25 Great Exploitation Films You Shouldn’t Miss

exploitation films

All movies are exploitation movies, if you really think about it. Each one seeks to elicit interest from viewers, attempts to exploit something in them that will cause them to take time out of their busy schedules and consume whatever visual story has been conceived by the filmmakers.

However, generally when people call something an “exploitation movie”, the implication is that the producers are cynically trying to entice audiences with the promise of sex, blood, and sheer tastelessness.

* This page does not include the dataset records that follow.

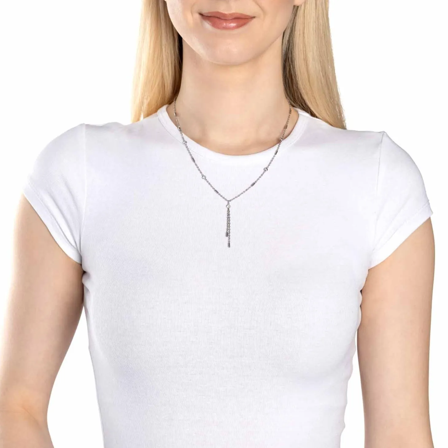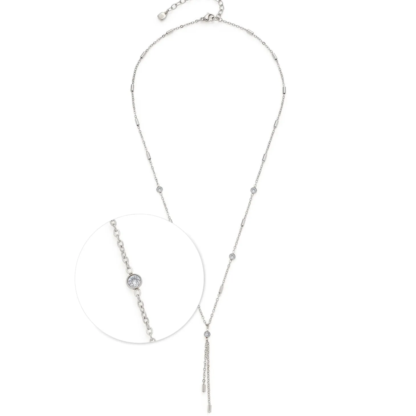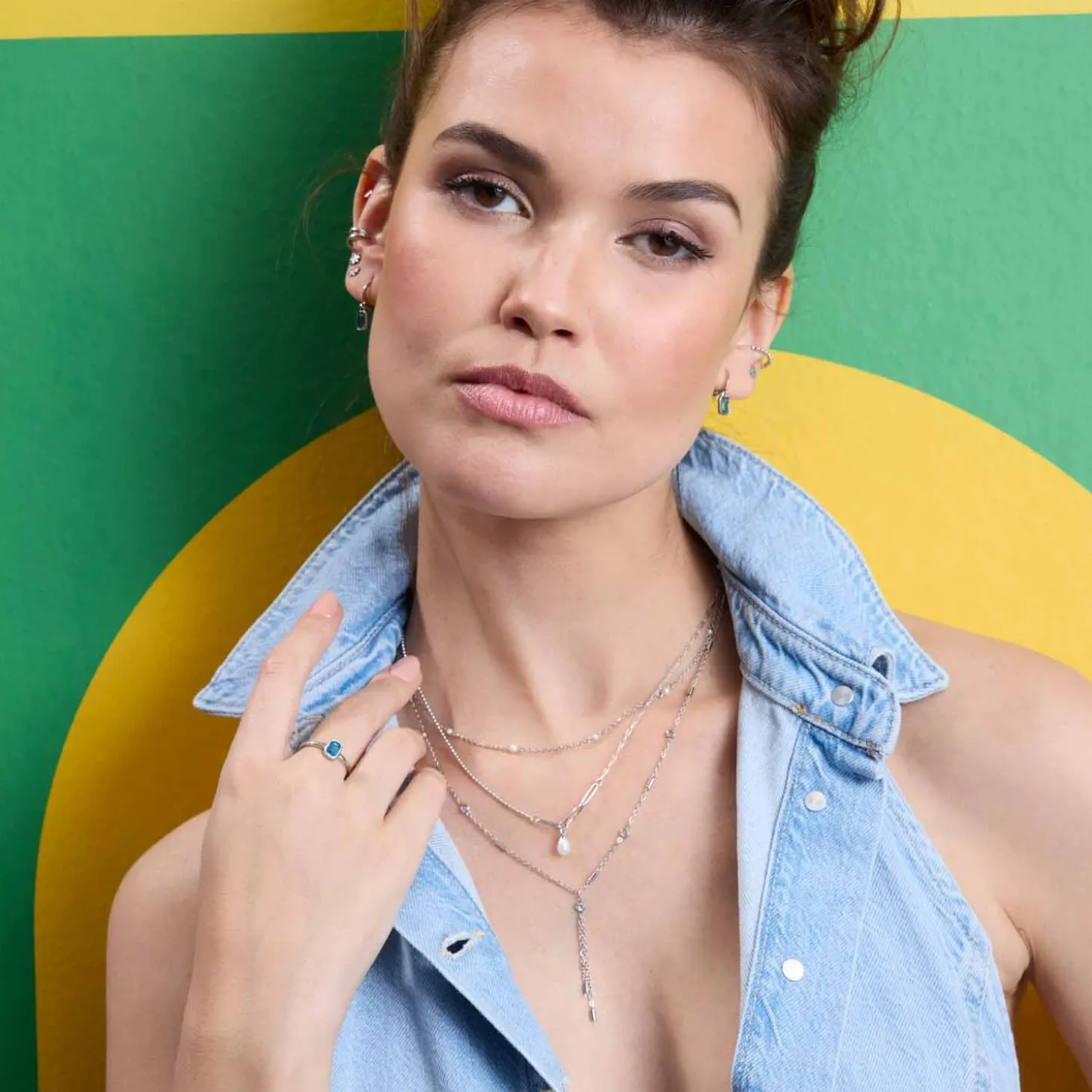 Diese kurze Y-Kette ist ein echter Blickfang! Die feine Ankerkette wird durch kleine, runde Glassteine und Metallstäbchen in regelmäßigen Abständen aufgewertet. Besonders schön ist der vordere Bereich: Hier hängen zwei kurze Kettenstränge an einem runden Glasstein, die sich schön bewegen und der Kette einen entspannten, modernen Look verleihen. Ein perfektes Accessoire, das deinem Outfit eine lässige Note gibt.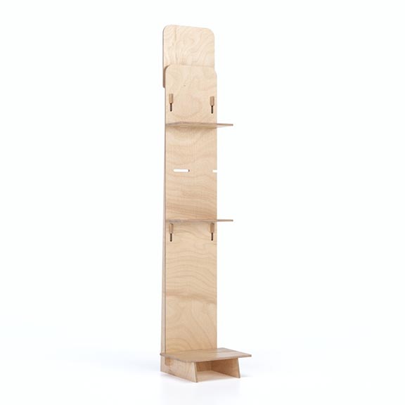 Sistema a incastro intuitivo che permette di assemblare l’espositore in pochi minuti senza necessità di strumenti.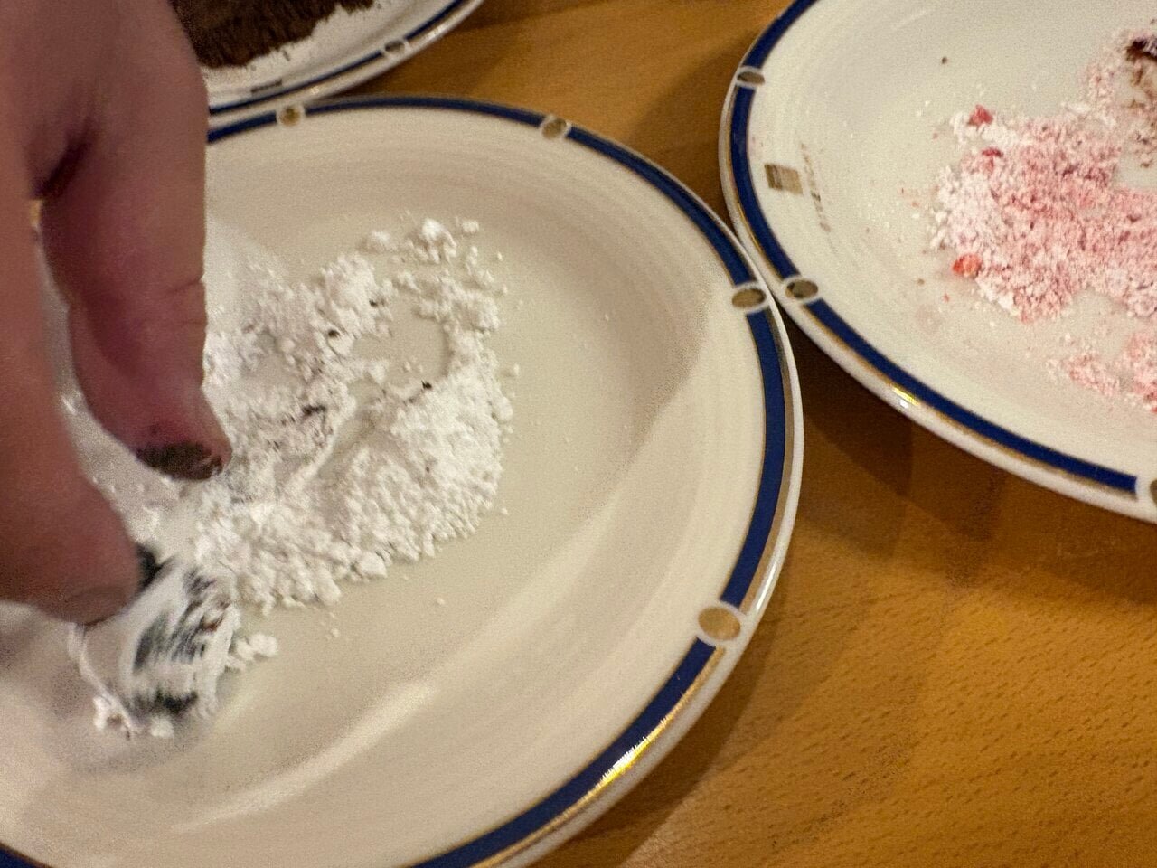 Arrange the rolled chocolate and prepare the toppings. For the truffle chocolate, combine cocoa powder, powdered sugar, freeze-dried strawberries, along with equal amounts of powdered sugar and freeze-dried strawberries to make strawberry powdered sugar, and separate them into individual containers. The freeze-dried strawberries can be easily crushed by just pressing lightly on the bag. No special tools are needed, and this is a straightforward cooking process.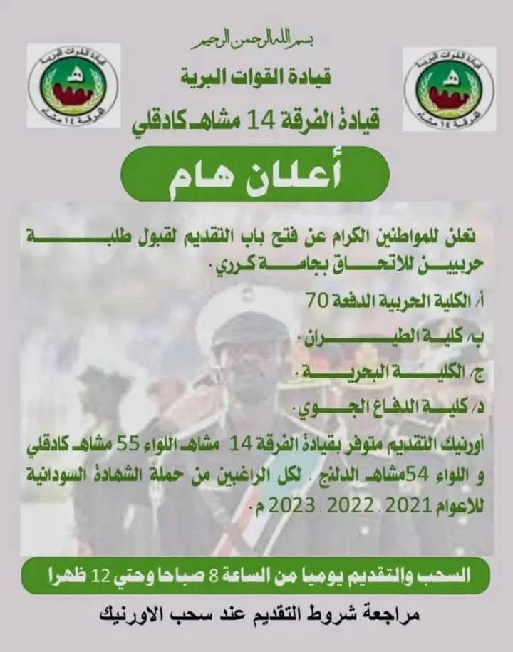 أعلنت قيادة القوات البرية السودانية – قيادة الفرقة 14 مشاة كادوقلي – عن فتح باب التقديم للالتحاق بالكليات العسكرية المختلفة، وذلك للراغبين من حملة الشهادة السودانية للأعوام 2021، 2022، و2023م.

Such assumptions aren’t entirely groundless, and more than one movie mogul (Roger Corman, for example, who appears on the following list no fewer than three times) has made a living playing to the public’s baser instincts. But that doesn’t mean that the final product can’t be a blast to watch, or can’t be as respectable, in it’s own way, as any A-list picture.

At the very least, many exploitation films, whether objectively good or bad, provide a kind of entertainment that is direct, unvarnished, and specifically calculated to please. The list you are about to read gives a rough outline of exploitation movies that might be lesser-known in many cases, but are no less worth the investment of time it takes to watch them for people who like their fun visceral and uncompromising.

 

1. Turkey Shoot aka Escape 2000

Turkey Shoot

This Australian title is one of the greatest exploitation films ever made, if for no other reason that it has a man driving a dune buggy with a front loader, accompanied by his half-man/half-ape pro-wrestler friend. In a dystopian future, political dissidents are sent to a prison camp where the warden allows them to be hunted for sport by wealthy degenerates, which also makes Turkey Shoot the greatest remake of The Most Dangerous Game ever.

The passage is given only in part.